Why does the compiler understand ASCII by default?

printf("%s", name);@piefed.blahaj.zone · edit-2 13 days ago

Why does the compiler understand ASCII by default?

modeler@lemmy.world · 13 days ago

I C (and most other languages) you can enter a value like thirty-two using many different number bases: ‘ ‘ as a char, 32 in decimal, 0x20 is hex, 040 in octal or 0b00010000. All of these mean thirty-two, just written differently using different characters.

Note that each of these representations use different digits and/or letters to specify the same number - the mathematical entity thirty-two. These letters and digits are characters stored as numbers, eg the digit zero (0) is coded in ASCII as 48.

In the end, the C compiler will compile the text ‘32’, ‘0x40’ or ‘0b00010000’ into binary and store it in memory the single byte where the 5th bit set to 1 and the others to 0. This is the way computer memory is used to represent the number, and it’s linked to the way the electric circuits do things like add numbers together.

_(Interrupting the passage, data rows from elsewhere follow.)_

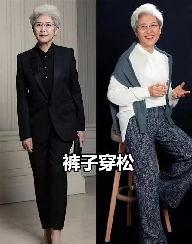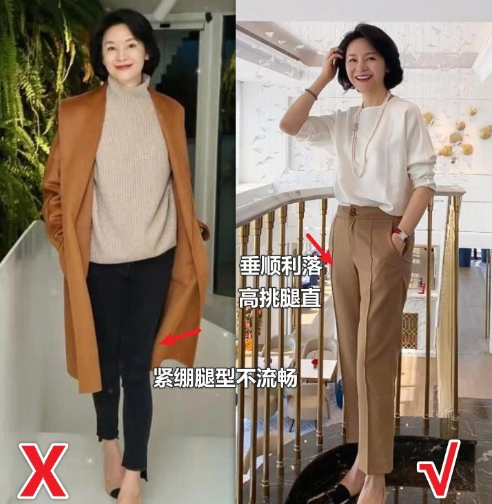 中年女性穿裤子,记得“平衡量感”。也就是说整体不能太过松散显矮,也不要太过修身显胖,与上身保持好的平衡。
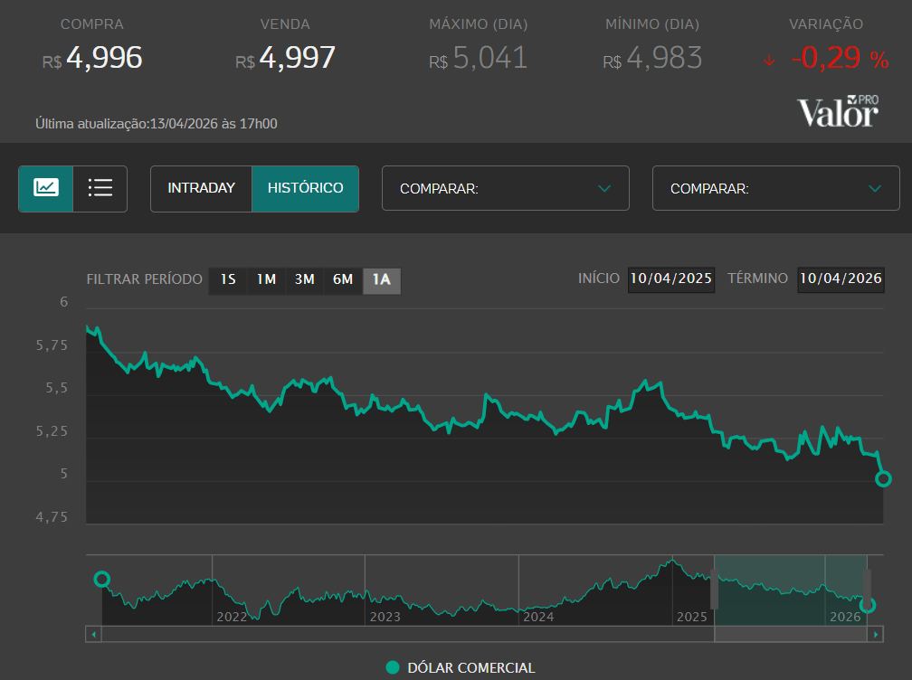 💵 DÓLAR: -0,29% | R$ 4,99
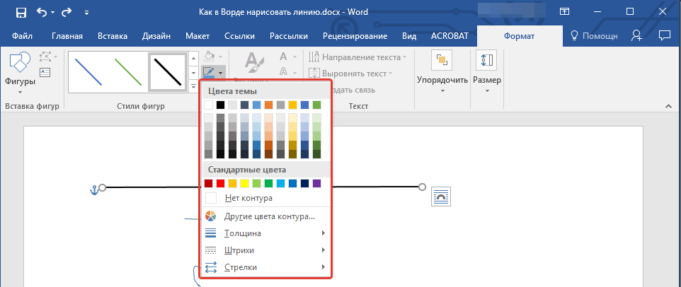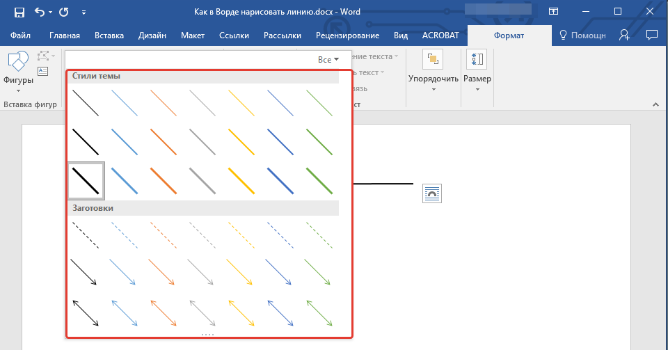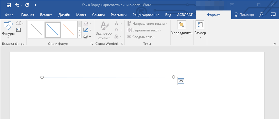 4. Линия заданной вами длины и направления будет нарисована. После этого в документе MS Word появится режим работы с фигурами, о возможностях которого читайте ниже.
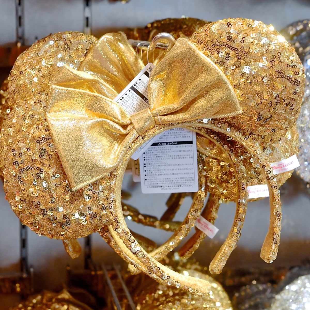 輝くゴールドのミニーデザインスパンコールカチューシャ。
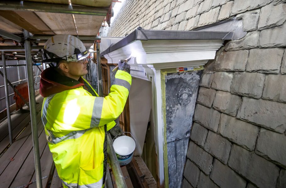 Before the project started, ASWS did an extensive internal survey, viewing from street level with binoculars, then closely inspected via scaffolding, which was installed in the summer of 2023 (Image: ASWS)
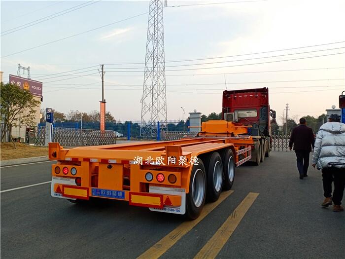 码头转运挂车,20英尺集装箱骨架后翻运输半挂车
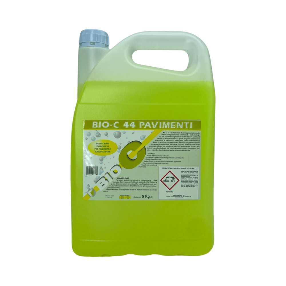 Bio-C 44 è un formulato di nuova generazione che abbina componenti eco-compatibili e biotecnologici, che consente di pulire in modo efficace un'ampia varietà di superfici dure, da grassi a sporco organico, in alternativa ai tradizionali detergenti.
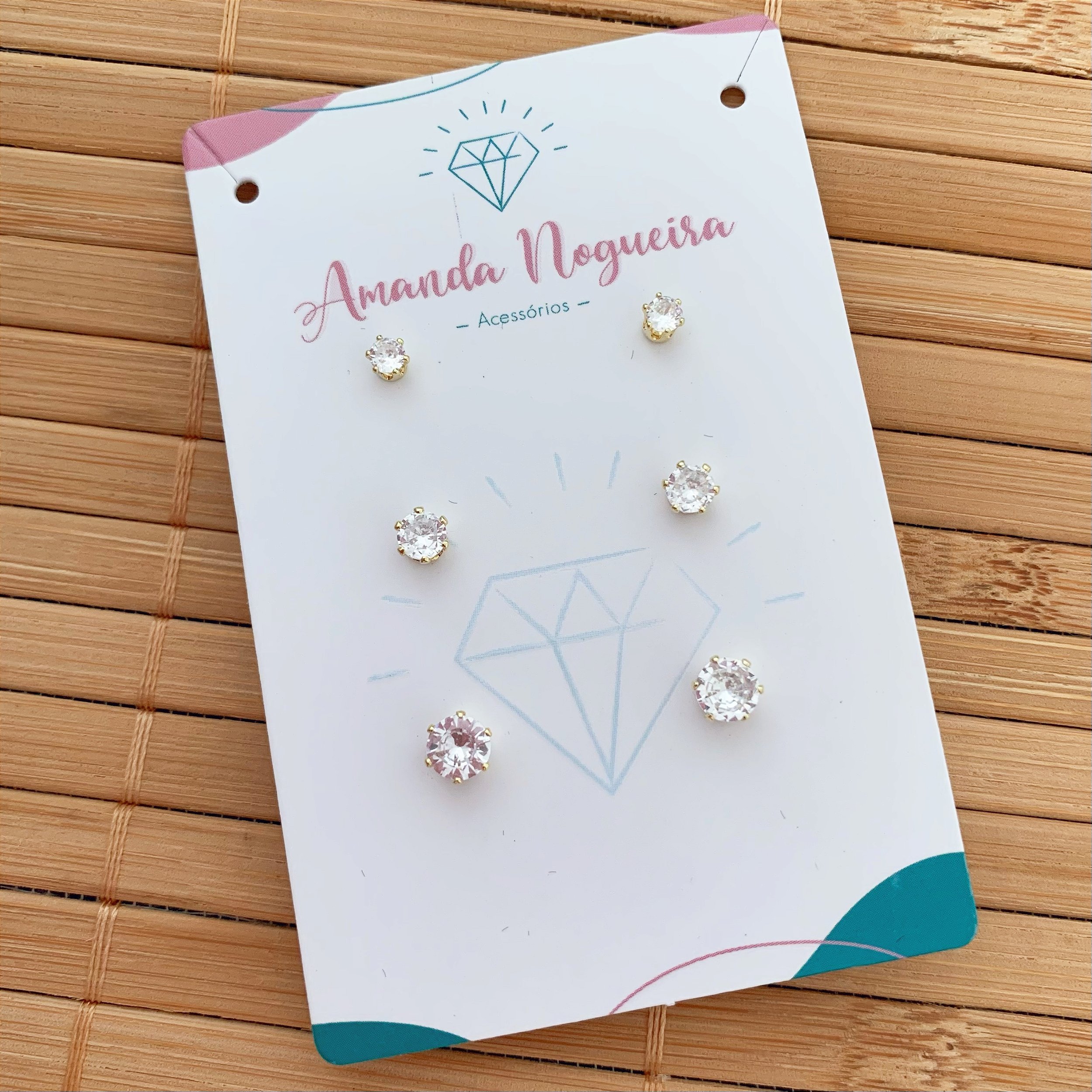 Brinco Banhado a Ouro Trio Zircônia Redonda

The compiler is the thing that understands that the characters like ‘3’, ‘+’ or ‘F’ and works out what they represent (a number, a variable name or a sum). When it understands that, it will turn the code into bits that the CPU can work with, for example passing it to the compare instruction CMP used to test whether the input is less than the number thirty-two.

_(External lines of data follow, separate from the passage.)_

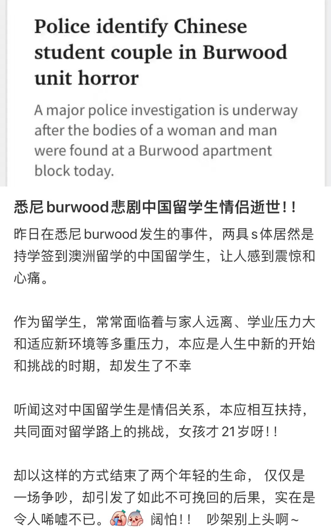 突发!悉尼华人区发生命案,两名死者皆为中国留学生!身份刚刚确认了...
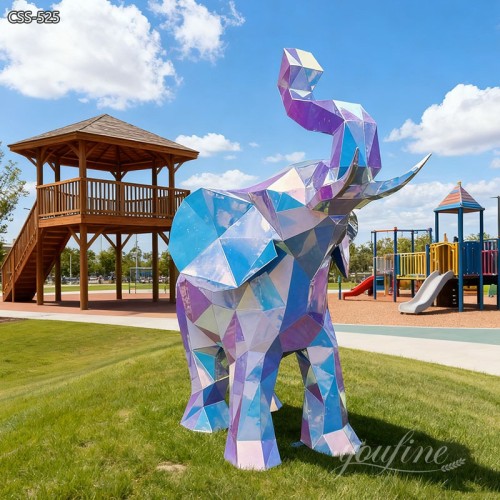 This metal elephant statue easily captures people’s eyes. The dreamy color composed of blue, purple, and pink is its biggest feature. Its design is novel, using geometric surfaces and dreamy colors to form a beautiful visual feast. It is a perfect collision of colors and sculptures. Such a sculpture would be a highlight no matter where it is placed and would attract more tourists and crowds for you.
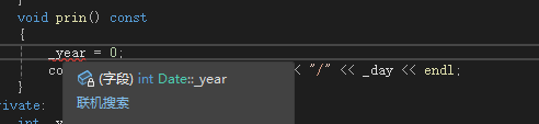 const 修饰Date类的Print成员函数,Print隐含的this指针由 Date* const this 变为 const Date* const this,const修饰指针的"左定值,右定向"。
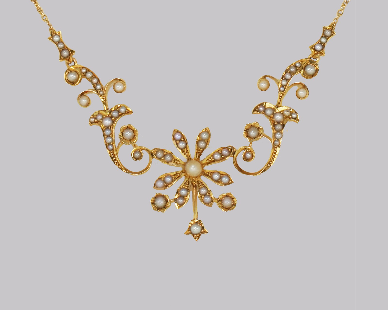 Edwardian Seed Pearl Necklace 9ct Gold Floral & Scroll Antique Necklace C.1910
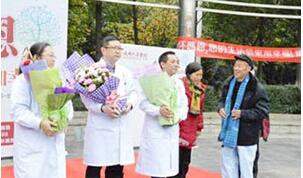 (图:感恩节义诊活动上陈建春主任主治康复后患者赠送其鲜花)
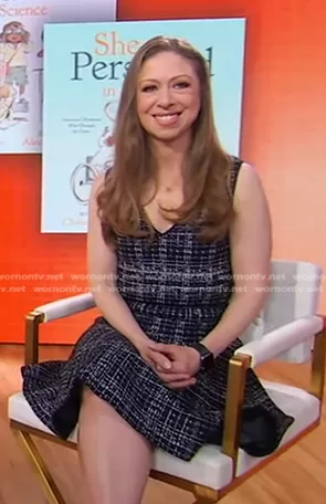 Prada Cotton and Wool Tweed Dress worn by Chelsea Clinton on Good Morning America
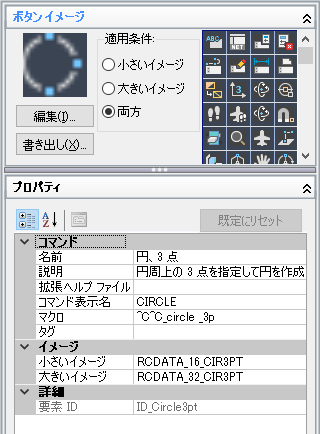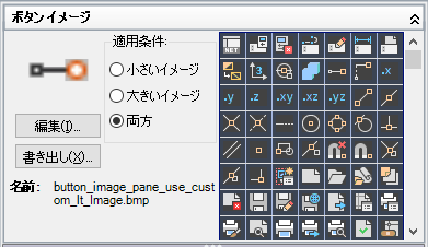 イメージ リストからイメージを選択すると、イメージ名が選択したコマンドの[小さいイメージ]、[大きいイメージ]、または[両方]のプロパティに割り当てられます。

This is very meta, and I hope this clarifies rather than confuses. Compilers are notoriously confusing, such as the thought ‘the compiler compiles the compiler code into an executable that can compile itself’.

CameronDev@programming.dev · 13 days ago

You are inspecting a byte, which contains 0x39. That it corresponds to “9” doesn’t matter at all to the compiler at all. If you were on a system that didn’t match “9” <=> 0x39 it would still replace those byte values.

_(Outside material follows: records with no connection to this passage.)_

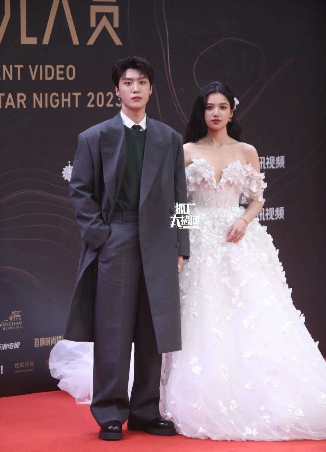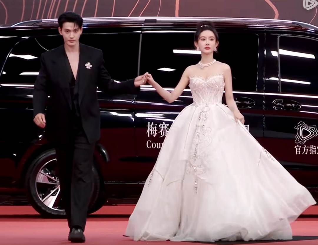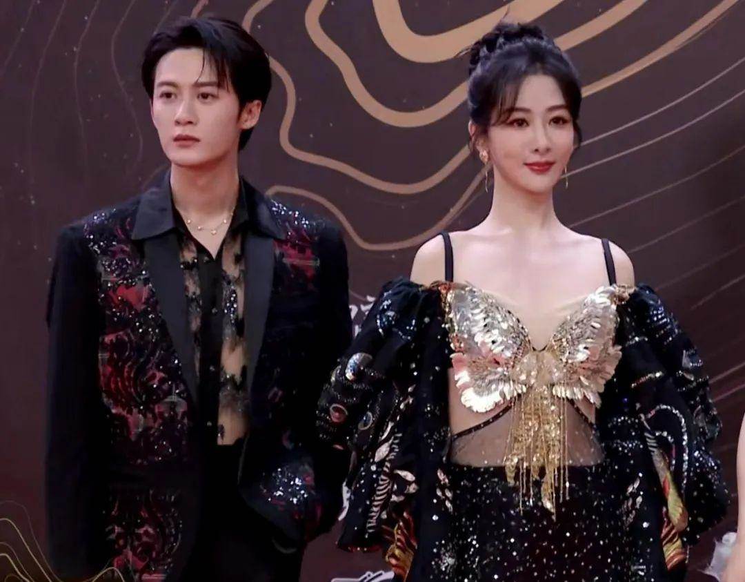 不過這條鎏金長裙也有一點不好,畢竟楊紫肩膀比較窄,所以會讓她顯得頭大身小。仔細看才發現檀健次的襯衫是透視設計的,兩人的禮服都很華麗,像在穿情侶裝。
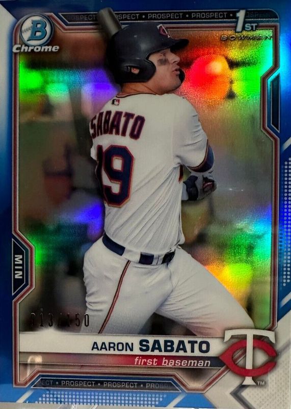 2021 Bowman Chrome Aaron Sabato Blue Refractor 1st Prospect #/150 Twins BCP-125
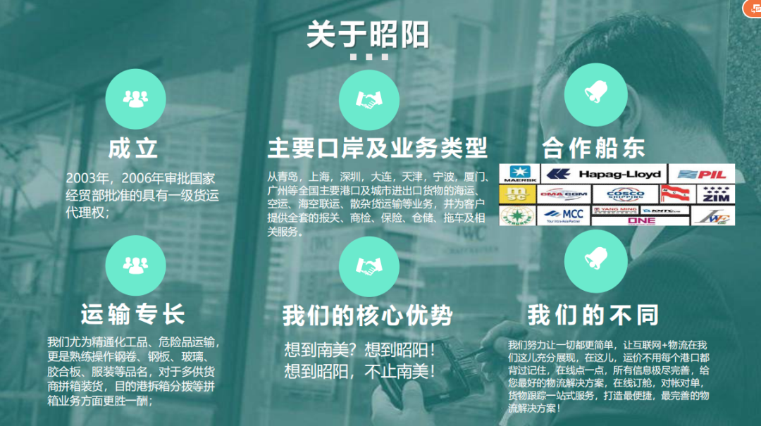 昭阳与世界主力船东签有合约,覆盖全国口岸,可承接从青岛、上海、深圳、大连、天津、宁波、广州等全国主要港口的业务;

printf("%s", name);@piefed.blahaj.zone · 13 days ago

Thanks! I’ll have to noodle this around a bit because it’s hard for me to understand. xD

CameronDev@programming.dev · 13 days ago

I dunno if this helps, but this screenshot shows the memory view of a program with a string. The hex representation in the middle is what is actually stored in memory. Each pair is one byte/char, and that is what your input[n] <= 0x39 is comparing against.

kubica@fedia.io · 13 days ago

Maybe this is a bit too much if you are just starting but read the first paragraph at least and then also look at “Relationship to ASCII” and “Relationship to Unicode”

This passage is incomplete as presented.